Available data:
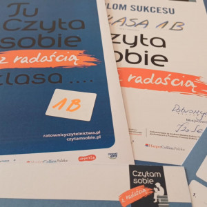 Wwszyscy otrzymali karty czytelnika, gdzie od teraz będą dokumentowane ich osiągnięcia czytelnicze. Nasze pierwszaki biorą udział w projekcie Ratownicy Czytelnictwa i czytają - zgodnie z założenami akcji - z radością. Każdy z nich powinien samodzielnie przeczytać co najmniej 10 książeczek z serii "Czytam sobie".
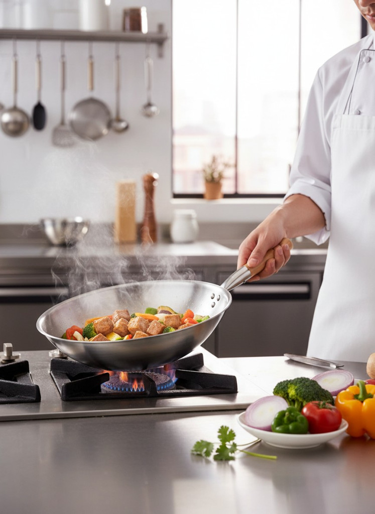 • Forma: Klasszikus wok kialakítás, ideális keveréshez, forgatáshoz.
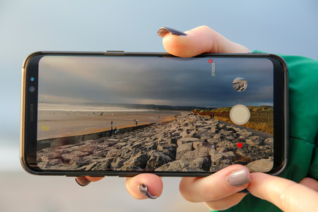 A woman take a photo of the sea on smartphone, female travels along the coast in the cold season. Outdoor. POV. Close up
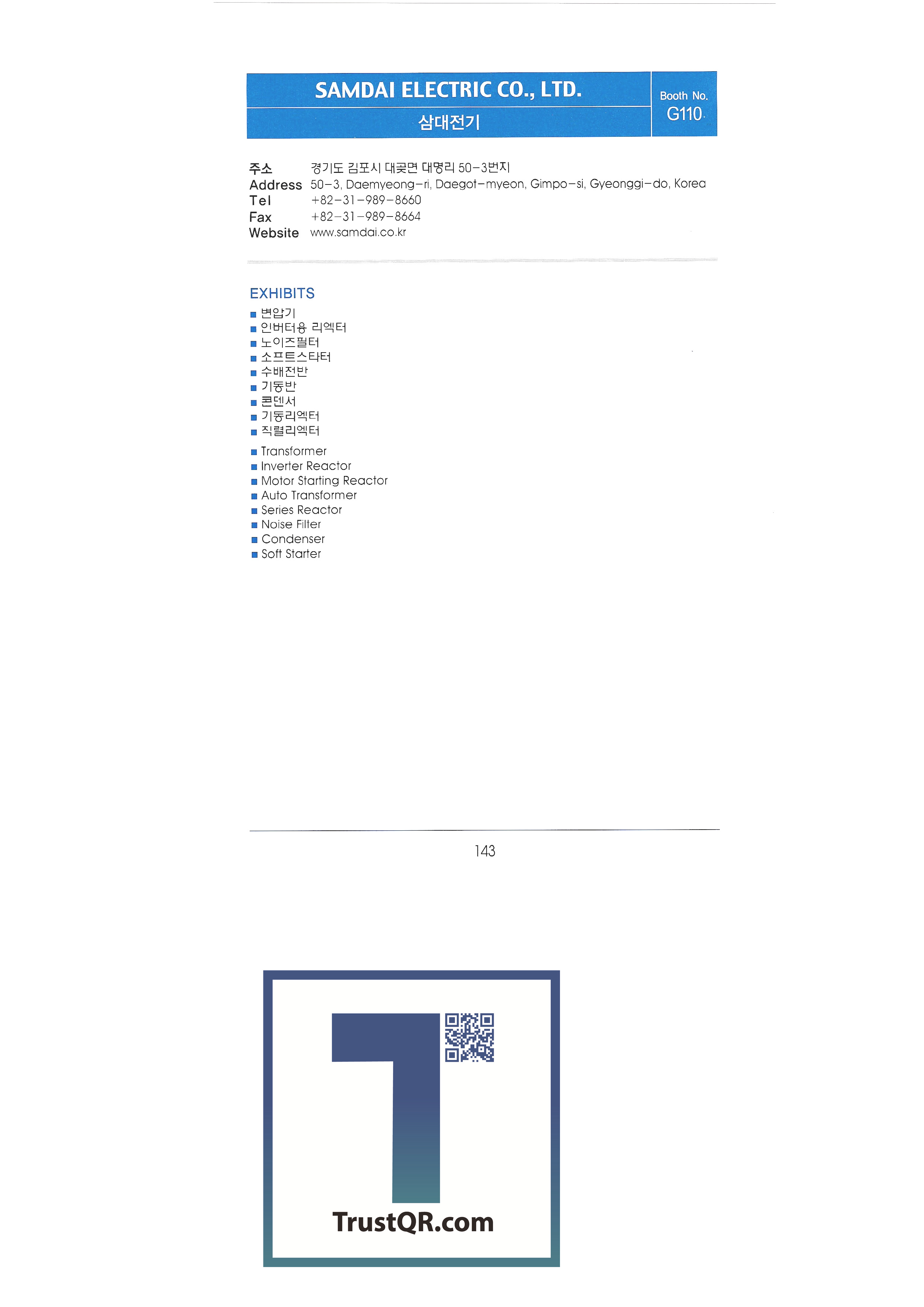 | Gwangseong Instrument แอลแอนด์เอสเมทัล เทคโนโลยี MIK อุตสาหกรรม Miseong มอร์แกนเกาหลี นาโนพีแอนด์ซี Noise Premier Lab ล็อคโหนดเกาหลี Buksung Bestec อสค โอซองเมกกะพาวเวอร์ PNC เทค Phoenix Technics เทคโนโลยีพืช PNS Powertron เทคโนโลยีคุณภาพไฟฟ้า โซลูชั่นนายกรัฐมนตรี เทคโนโลยีเครื่องมือวัดรายเดือน วันธรรมดา รีลเทค รีฟอร์มเทค สมาเทคโนโซลูชั่น แสมดำการไฟฟ้า ชุด Samho Samhoe อุตสาหกรรม แซมฮยอนชุน สามขวางปล สามสังวรคอร์ปอเรชั่น Samhwa DSP สามวา EOCR Samyoung Piltech สื่อ Sangeun ด้านบนของโต๊ะ Savit Max Sejin Instruments โซกัง ENC Saebit Tech Sewon Entech ซีอุน T.N.S |

Exercise prompt:
Please write out, word for word, each line from the one with "A woman take" to the last line of the data, keeping both ends and omitting pictures.

Solution to this problem:
 A woman take a photo of the sea on smartphone, female travels along the coast in the cold season. Outdoor. POV. Close up
 | Gwangseong Instrument แอลแอนด์เอสเมทัล เทคโนโลยี MIK อุตสาหกรรม Miseong มอร์แกนเกาหลี นาโนพีแอนด์ซี Noise Premier Lab ล็อคโหนดเกาหลี Buksung Bestec อสค โอซองเมกกะพาวเวอร์ PNC เทค Phoenix Technics เทคโนโลยีพืช PNS Powertron เทคโนโลยีคุณภาพไฟฟ้า โซลูชั่นนายกรัฐมนตรี เทคโนโลยีเครื่องมือวัดรายเดือน วันธรรมดา รีลเทค รีฟอร์มเทค สมาเทคโนโซลูชั่น แสมดำการไฟฟ้า ชุด Samho Samhoe อุตสาหกรรม แซมฮยอนชุน สามขวางปล สามสังวรคอร์ปอเรชั่น Samhwa DSP สามวา EOCR Samyoung Piltech สื่อ Sangeun ด้านบนของโต๊ะ Savit Max Sejin Instruments โซกัง ENC Saebit Tech Sewon Entech ซีอุน T.N.S |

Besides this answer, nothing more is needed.